It’s been said that a market’s job is to fool and frustrate the most-to cause the most pain. It’s also been said that a market will do the obvious in an un-obvious manner (I picked up that from Linda Raschke). For instance, if a market looks like it is obviously rolling over, it will have sharp retrace rallies to make everyone think, “come on in, the water’s fine.”
As I’ve been saying, human nature never changes. Markets go up and markets go down (duh) but when I tell people (not you people, but the laymen) that the market appears to be headed lower they get quite defensive: “It’ll come back.” “The market always goes up longer-term.” Well, it will and it does but you better have a really long time horizon—somewhere between 25 and 81 years (Landry, Layman’s; Morris, “Investing With The Trend”).
I think the sharp retrace rallies that we’ve seen so far are just that-retrace rallies.
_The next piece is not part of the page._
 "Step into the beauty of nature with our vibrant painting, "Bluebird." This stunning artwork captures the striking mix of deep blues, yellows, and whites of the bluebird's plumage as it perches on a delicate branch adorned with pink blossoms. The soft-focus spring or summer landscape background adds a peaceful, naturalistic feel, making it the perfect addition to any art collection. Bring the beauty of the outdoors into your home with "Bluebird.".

So, where would the market be “okay?” Well, as I’ve been preaching, I’d have to see new highs in the indices–not just weekly or monthly, but all-time highs. Then, as a trend follower, I’d have no choice than to just follow along. I’m okay with giving up the move between here and there. I’ll let everyone else try to catch every zig and zag.
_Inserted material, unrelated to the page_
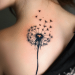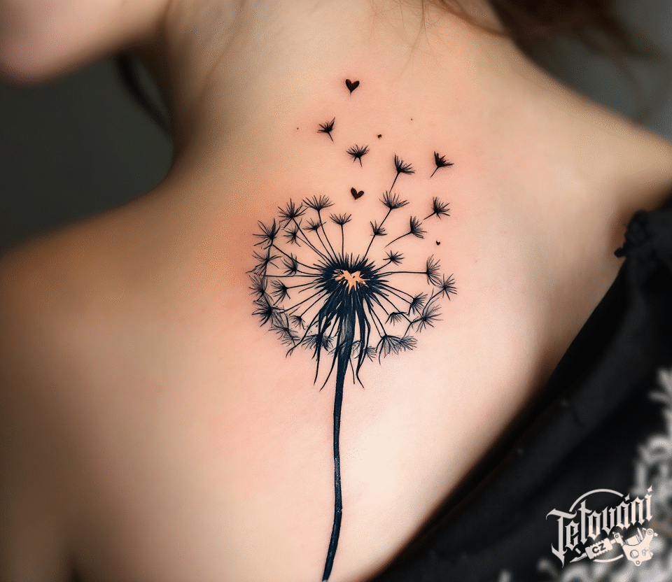 Tetování černá odkvetlá pampeliška na lopatku

Bull Or Bear? Answer The Question!
Through my recent writings including “6 Things That You Need To Do In The Upcoming Bear Market”, videos including “How To Survive And Prosper During The Upcoming Bear Market”, and my last several webinars, I have been cautioning that this could be the big one, Elizabeth (I think that was a title of a column too). Yet, I still have been receiving emails asking me if I’m bullish or bearish. Well, I guess I need to put that into writing (again?). Gun to my head, I’m bearish. Now, that doesn’t mean that I have completely ruled out the long side. I know that in this business, labels are dangerous. That’s why I have been keeping an eye out for potential longs while looking at thousands of stocks, 100s of sectors & ETFs, and several indices nightly. I also been looking at Gold, Bonds, (that reminds me, I need some powder for chaffing), Silver, and the Dollar. BTW, doing your homework, there’s another secret to trading.
So, Anything Good?
The market has been propped up lately by commodity based issues (read further). Defensive issues such as Foods, Consumer Non-Durables, and Tobacco have also been rallying. I’m not sure that you can build a bull market on just these areas. In fact, I view the action in the Defensive stocks as an actual negative. Read this column about How Rats Leave A Sinking Ship, written about a year ago. Yes, the ship didn’t sink then (although the market has been under water for some periods here and there since) but when things get iffy, you better have a plan and be willing to bail (i.e. stops) just in case. And, BTW, I think we’re in one of those “just in case” times.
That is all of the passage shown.